I borrowed this "unnecessory" shifting operation from host 
check_extended_topology_leaf() and we may do better on this.

> Besides, the problem of simply using cpuid_exc(0x1f) in Sean's codes is that we
> cannot assmue the reserved bits 31:16 of ECX is always 0 for the future
> generation.

It's true cause the statement in public spec is not "Reserved = 0" but 
"Bits 31 - 16: Reserved".

> 
> In my opinion, Sean's codes is OK and much simple and clear.

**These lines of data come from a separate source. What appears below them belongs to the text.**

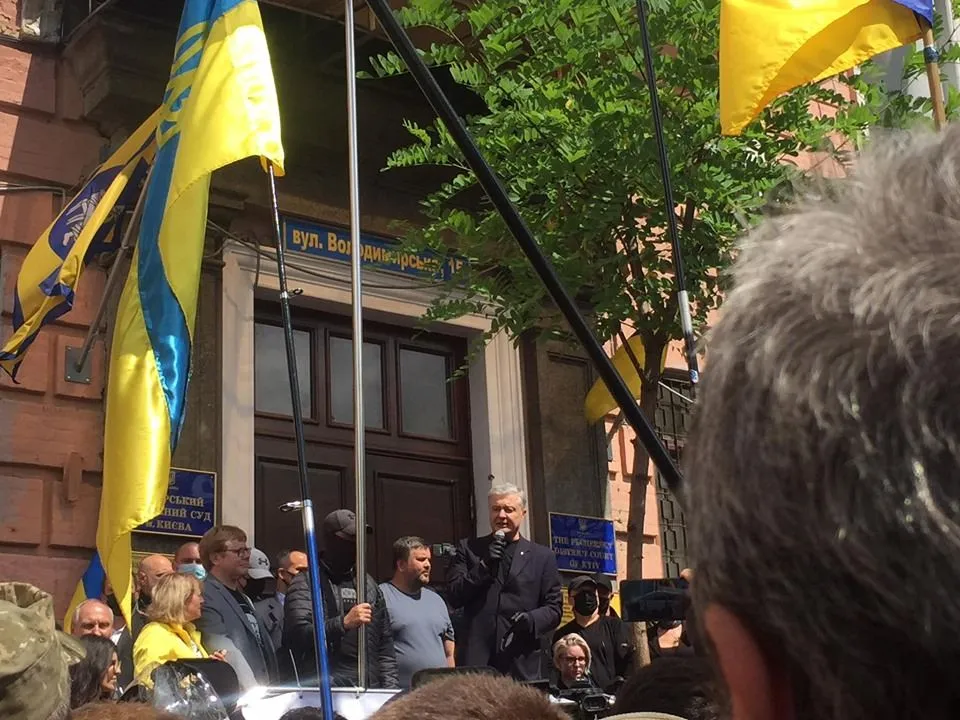 Сам Петр Порошенко пришел на судебное заседание. Перед этим он выступил перед своими сторонниками и заявил о политических преследованиях власти. Затем пятый президент пошел на заседание суда.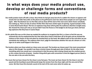 The media product is a chase scene opening for a thriller film. It uses conventions from films like James Bond Casino Royale by starting with an explosive chase scene to grab audience attention. Some conventions included are the smallest character being chased and the biggest character delivering the final hit. The group faced challenges like illness and no-shows that required changing plans and taking on new roles, but they worked hard and used skills learned from their preliminary task to complete the project successfully.
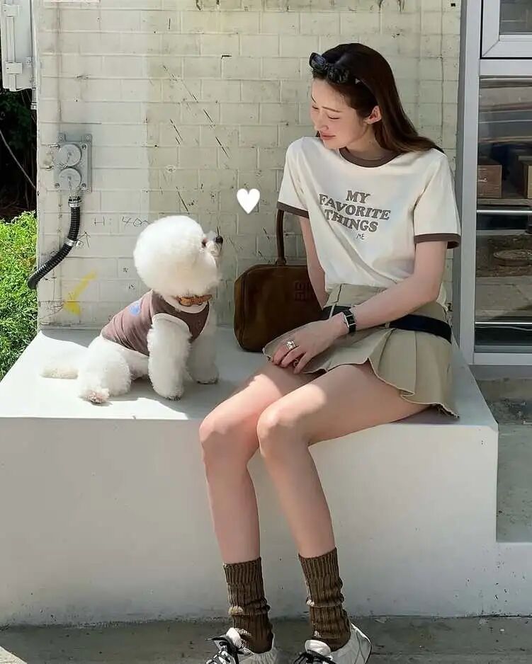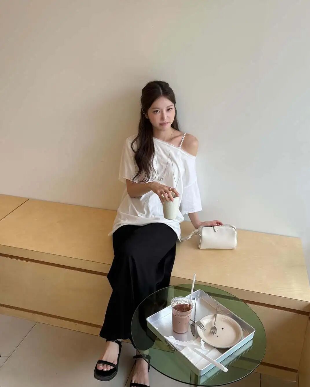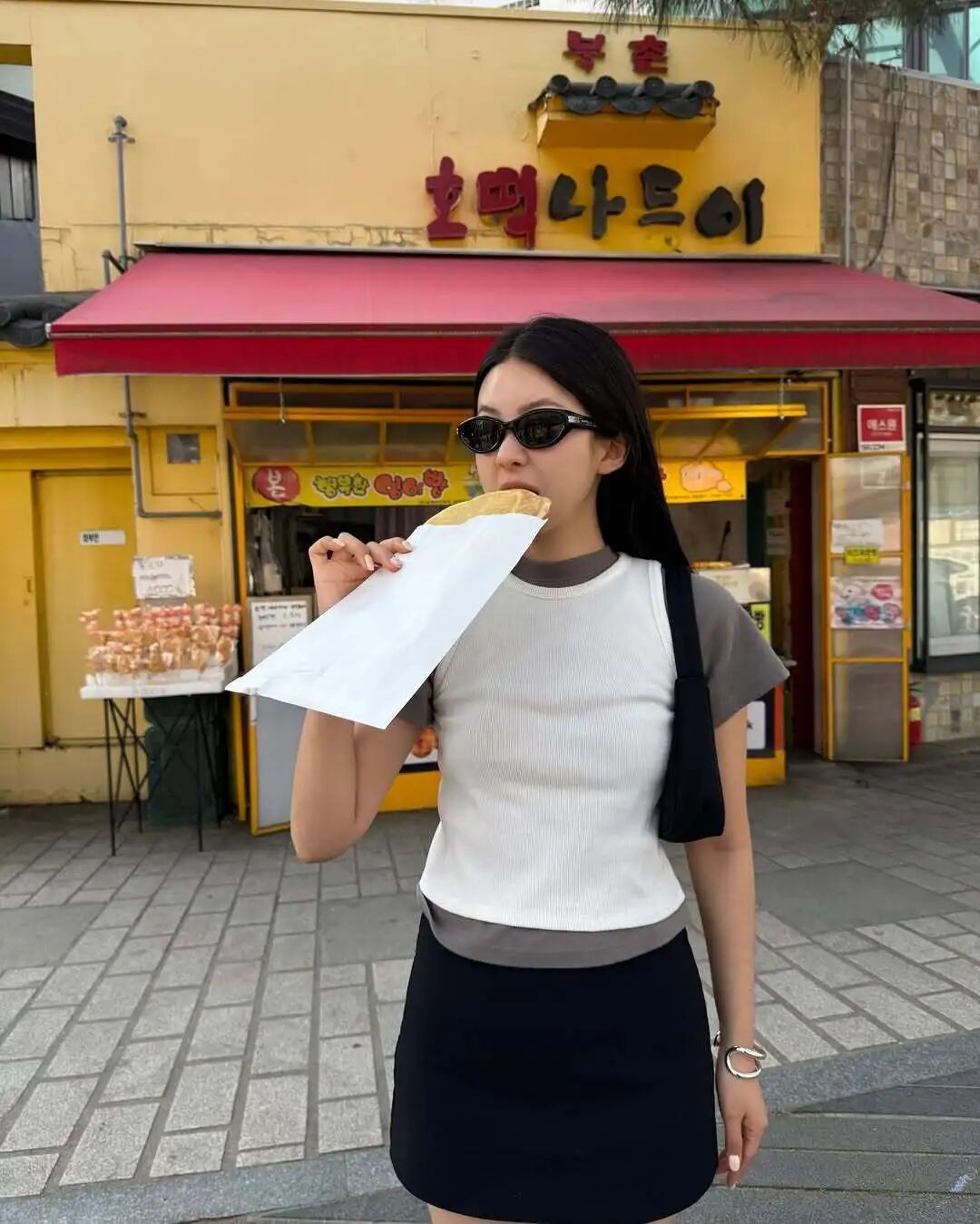 这几年韩女们常常上身的T恤叠穿,是在纯色T恤外面叠加一件吊带,来增加视觉的层次感。颜色上既可以与外层T恤形成对比,也可以选择同色系的深浅搭配。

If the host cpuid.0.eax is greater than 0x1f but actually it doesn't
have multi-chip packaging technology and we may want to expose 
entry->eax to some value smaller than 0x1f but greater than 0x14, much 
effort needs to apply on Sean's code.

My improvement is good to overwrite cpuid.0.eax in future usage
from the perspective of kvm feature setting not just from value check.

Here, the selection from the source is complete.